Source: AAAS press release, November 24, 2020.

HCLF and LLS Announce Collaboration to Further Hairy Cell Leukemia Research

The Hairy Cell Leukemia Foundation (HCLF) and the Leukemia & Lymphoma Society (LLS) are teaming up to support a research grants program offering up to $10 million over 5 years. Their goal is to develop better therapies and improve outcomes for patients with hairy cell leukemia (HCL).

“It is critical for us to join forces to make more progress happen in treating this disease,” said Marc Stadtmauer, president of HCLF. “Our prior collaborations with LLS have already shown great promise, and we are optimistic that this new infusion of support provided by generous donors to HCLF will drive forward new discoveries that will lead to more lives saved.”

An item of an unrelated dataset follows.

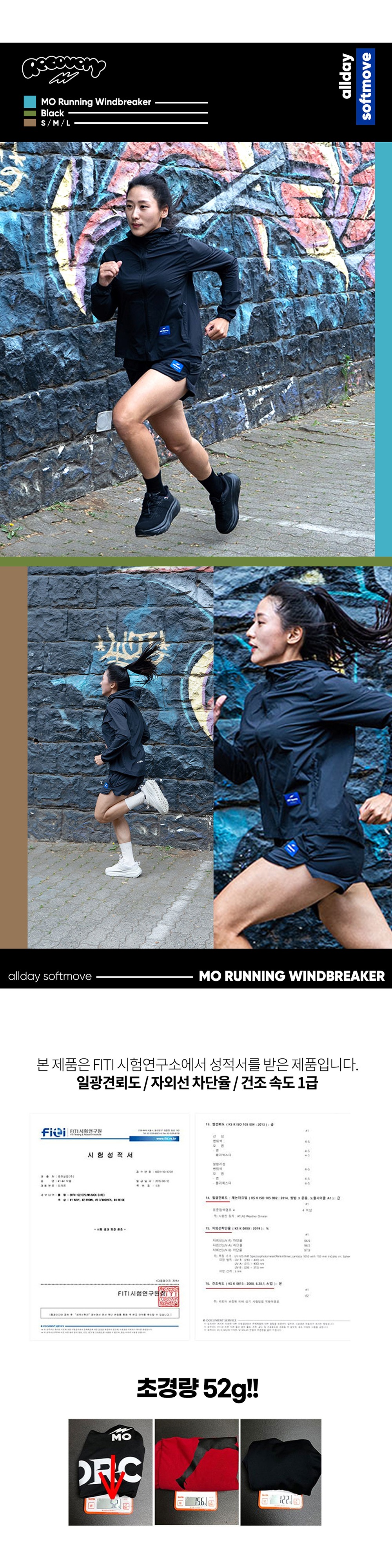 모 러닝 윈드브레이커(MO RUNNING WINDBREAKER)는 야외활동 및 고강도 운동에 최적화 된 러닝 바람막이 입니다.

The program, called HCL2025, is accepting proposals from researchers worldwide until January 29, 2021. The awarded grants will activate in October 2021.

Source: LLS press release, November 2, 2020.

SWOG Awards Grants to Help Veterans Access Cancer Clinical Trials

As part of its VA Integration Support Program, SWOG Cancer Research Network and its charity, The Hope Foundation for Cancer Research, are awarding two grants to U.S. Department of Veterans Affairs medical centers to help them enroll veterans in trials run by SWOG and other members of the National Cancer Institute’s (NCI’s) National Clinical Trials Network (NCTN).

The VA Integration Support Program grants fund the research associates, oncology nurses, and support staff required to run clinical trials.

This year’s VA Integration Support Program awardees are:

  • Corporal Michael J. Crescenz VA Medical Center, Philadelphia, PA
  • VA Boston Medical Health Center, Boston, MA

Since its inception in 2015, the VA Integration Support Program has provided $649,138 to 20 VA medical centers and recruited 31 VA sites, which have enrolled 474 veterans into NCI trials.